Reputation: 752
I have a MySQL database with ~8.000.000 records. Since I need to process them all I use a BlockingQueue which as Producer reads from the database and puts 1000 records in a queue. The Consumer is the processor that takes records from the queue.
I am writing this in Java, however I'm stuck to figure out how I can (in a clean, elegant way) read from my database and 'suspend' reading once the BlockingQueue is full. After this the control is being handed to the Consumer until there are free spots available again in the BlockingQueue. From here on the Producer should continue reading in records from the database.
Is it clean/elegant/efficient keeping my database connection open inorder for it to continuously read? Or should, once the control is shifted from Producer to Consumer, close the connection, store the id of the record read so far and later open the connection and start reading from that id? The latter seems to me not really good since my database will have to open/close a lot! However, the former is not so elegant in my opinion either?
Upvotes: 0
Views: 710
Reputation: 31
If you are using a bounded BlockingQueue
by passing a capacity value in the constructor, then the producer will block when it attempts to call put() until the consumer removes an item by calling take().

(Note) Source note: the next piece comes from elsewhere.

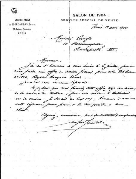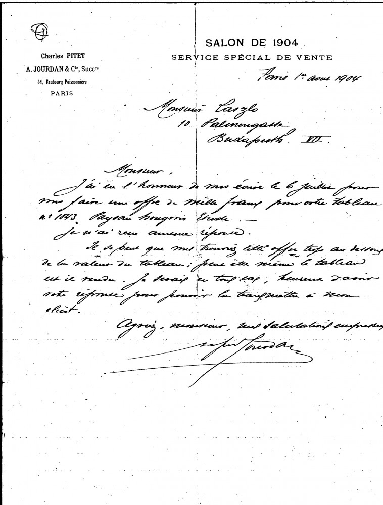 Letter from Arthur Jourdan to de László following up on an earlier letter in which he offered, on behalf of a client, 1000 francs for the artist's study of a Hungarian peasant [110949] that was exhibited at the 1904 Paris Salon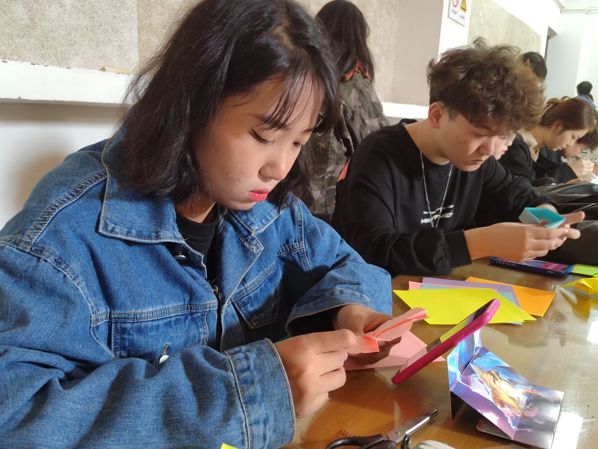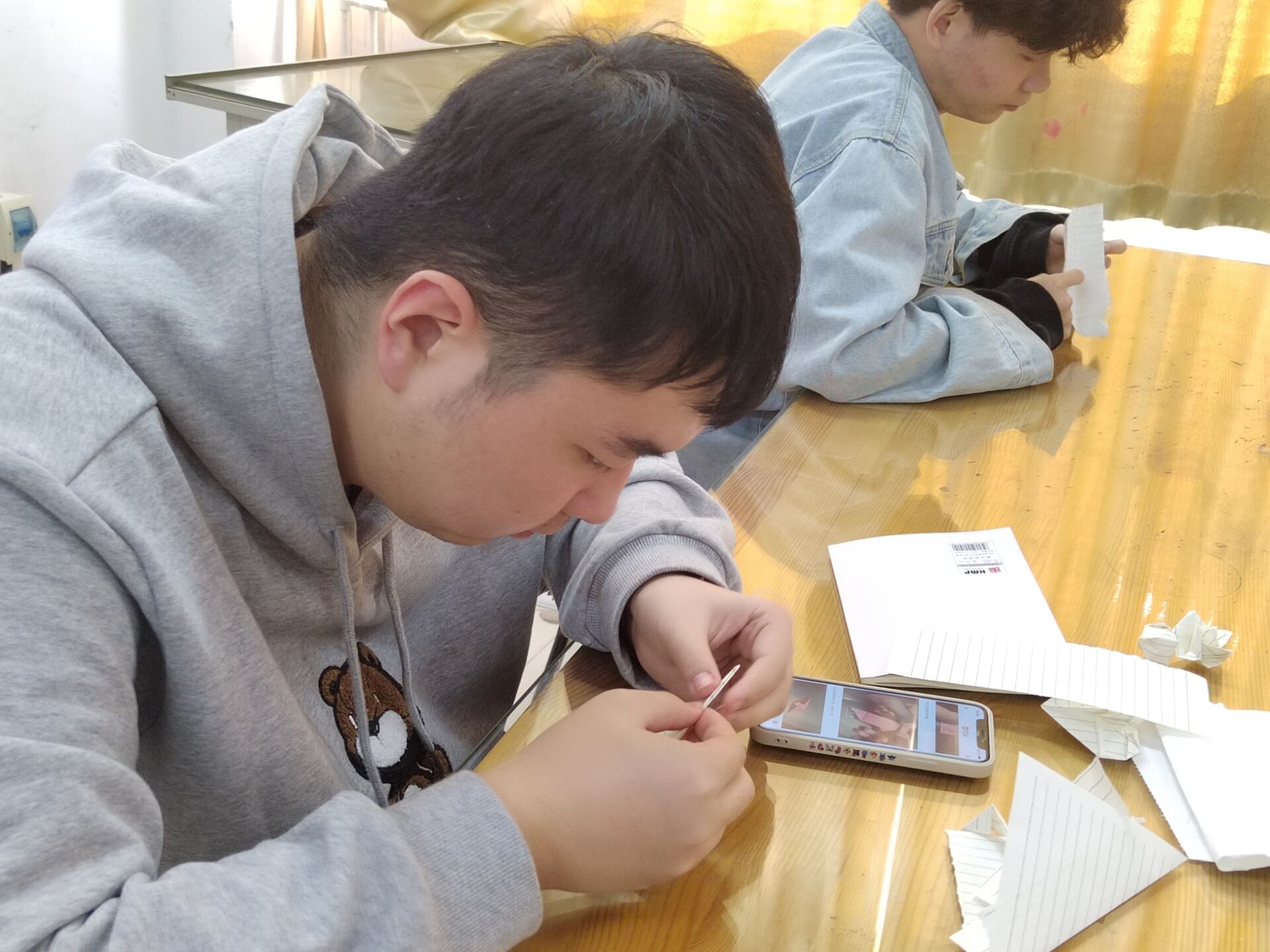 活动伊始,主持人为我们播放折纸视频,激发了同学们的想象力,接着,通过剪纸、折纸的方式,在同学们的巧妙改造下,看似简单的原材料,变化成一个个造型别致的作品,一件件精美的手工艺品,展示的不仅是智慧和技巧,更是精雕细琢的工匠精神,以及对生活由衷的热爱。

It would help to know more about when or how the program is going to execute to decide how to deal with database connections. Some easy choices are: have the producer and all consumers get an individual connection, have a connection pool for all consumers while the producer holds the a connection, or have all producers and consumers use a connection pool.

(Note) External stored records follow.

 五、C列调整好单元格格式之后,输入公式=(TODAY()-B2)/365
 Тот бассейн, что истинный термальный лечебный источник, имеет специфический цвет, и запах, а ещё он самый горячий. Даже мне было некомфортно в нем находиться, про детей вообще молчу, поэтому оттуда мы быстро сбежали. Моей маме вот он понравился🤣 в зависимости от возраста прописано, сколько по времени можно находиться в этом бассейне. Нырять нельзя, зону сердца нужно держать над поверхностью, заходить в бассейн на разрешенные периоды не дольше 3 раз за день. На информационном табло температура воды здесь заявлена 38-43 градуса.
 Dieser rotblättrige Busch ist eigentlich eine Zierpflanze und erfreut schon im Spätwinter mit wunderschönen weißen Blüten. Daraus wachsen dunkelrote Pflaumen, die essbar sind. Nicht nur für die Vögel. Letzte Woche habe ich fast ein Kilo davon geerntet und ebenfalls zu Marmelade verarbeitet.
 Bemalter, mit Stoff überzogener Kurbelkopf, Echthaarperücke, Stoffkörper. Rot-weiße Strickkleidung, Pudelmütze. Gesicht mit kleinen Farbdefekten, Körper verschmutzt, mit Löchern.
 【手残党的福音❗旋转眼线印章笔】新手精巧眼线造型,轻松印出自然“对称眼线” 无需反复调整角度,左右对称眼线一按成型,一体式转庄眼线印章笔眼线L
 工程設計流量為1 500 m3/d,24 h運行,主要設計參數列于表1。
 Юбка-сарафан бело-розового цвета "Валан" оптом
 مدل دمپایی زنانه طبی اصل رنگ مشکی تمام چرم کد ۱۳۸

You can facilitate minimizing the number of connections by using something such as Spring
to manage your connection pool and transactions; however, it would only be necessary in some execution situations.
Upvotes: 0
Reputation: 31839
With persistent connections:
Persistent connections do not bring anything that you can do with non-persistent connections.

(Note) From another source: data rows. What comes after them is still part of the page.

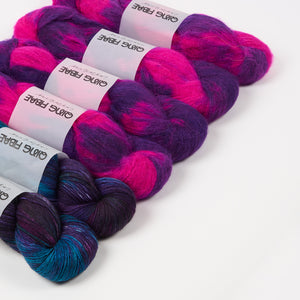 • Four skeins Qing Fibre Melted Baby Suri in Foxglove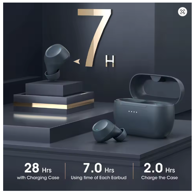 Estuche de carga inalámbrica y USB-C: Además de la carga rápida USB-C, el estuche también admite carga inalámbrica, eliminando así la molestia de buscar el cable de carga para siempre. Relájate y disfruta de una carga rápida y eficiente. Cada auricular dura 7 horas, mientras que el estuche proporciona 21 horas adicionales, lo que supone un total de 28 horas de uso durante todo el día.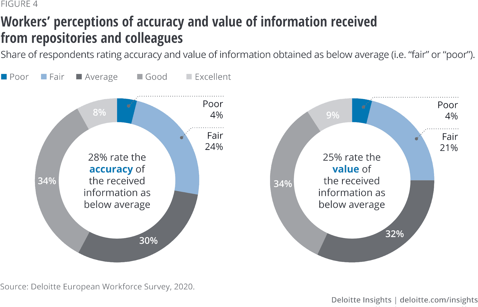 The survey states that every fourth employee believes that the information they’ve received from the knowledge repositories or other colleagues is below average.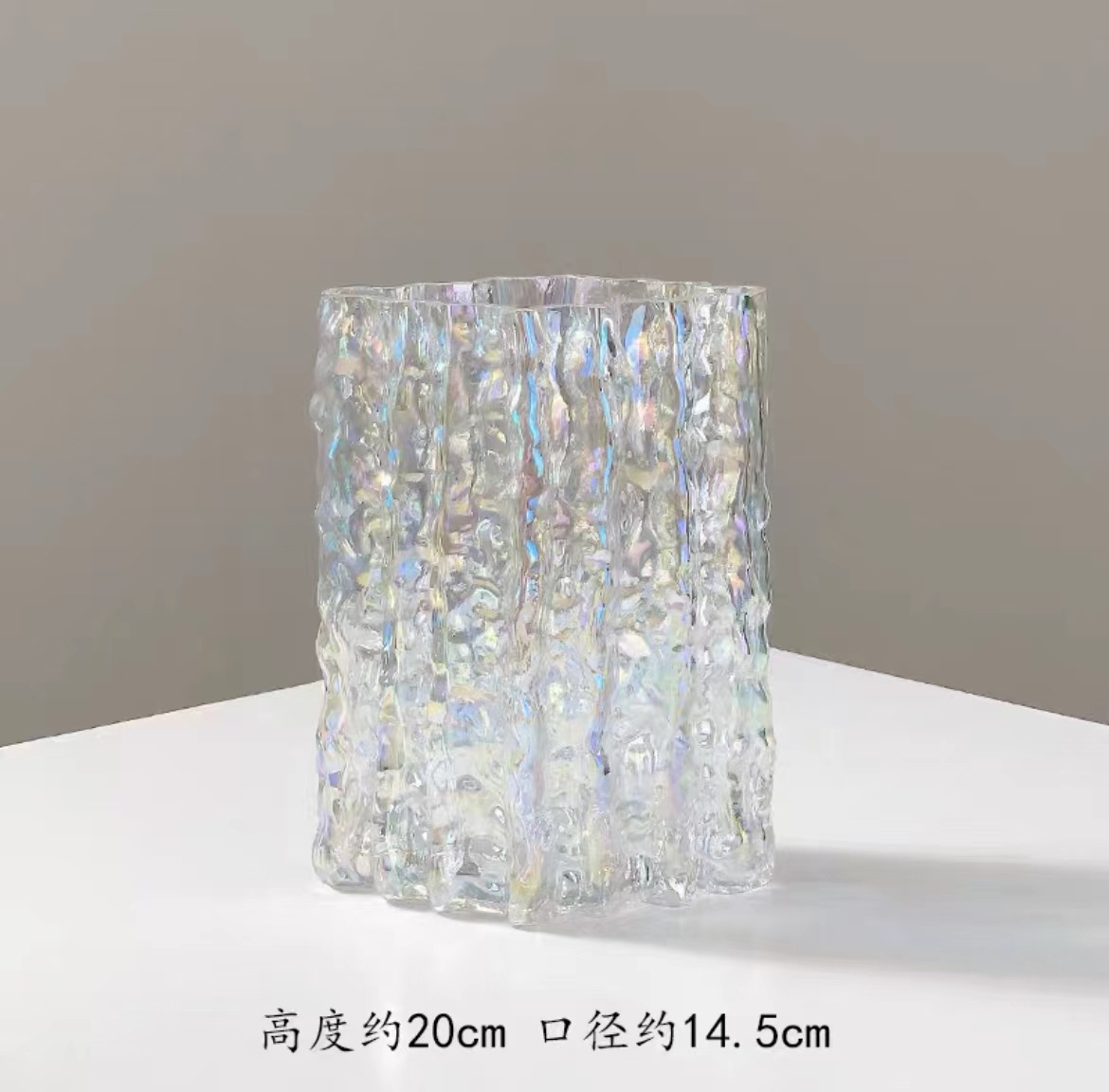 Ins Light 럭셔리 하이 엔드 빙하 꽃병 유리 두꺼운 투명 물 높이 꽃 꽃 장식품 거실 장식

Then, why to use them, at all?
The only possible reason is performance, to use them when overhead of creating a link to your MySQL Server is high. And this depends on many factors like:
One always can replace persistent connections with non-persistent connections. It might change the performance of the script, but not its behavior!
Commercial RDBMS might be licensed by the number of concurrent opened connections and here the persistent connections can mis serve.